---- Given material
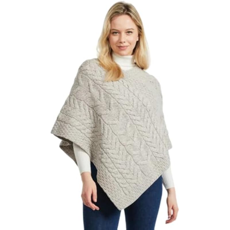 Aran Woollen Mills Women’s Irish Cable Knit Poncho, 100% Supersoft Merino Wool, Made in Ireland, One Size, Aasleagh Falls
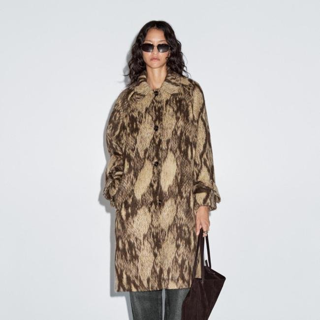 Abrigo estampado piel de serpiente, 299 euros.
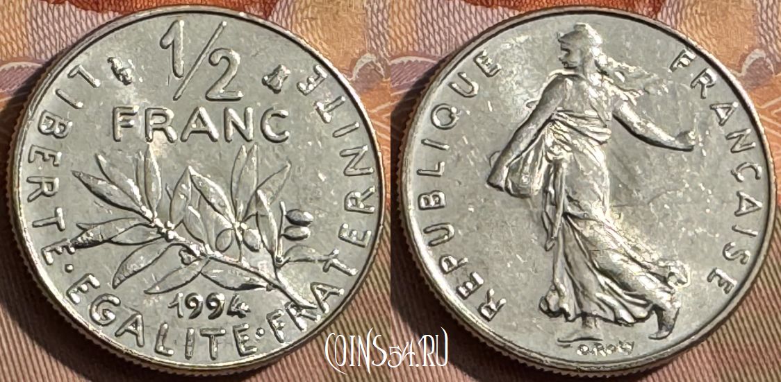 Франция 1/2 франка 1994 года, KM# 931, 379s-101
--------
**Your goal:** Please return only the lines running from the line with "Abrigo estampado piel" to the final line of the data, both included, exactly and without any pictures.

**Task result:**
 Abrigo estampado piel de serpiente, 299 euros.
 Франция 1/2 франка 1994 года, KM# 931, 379s-101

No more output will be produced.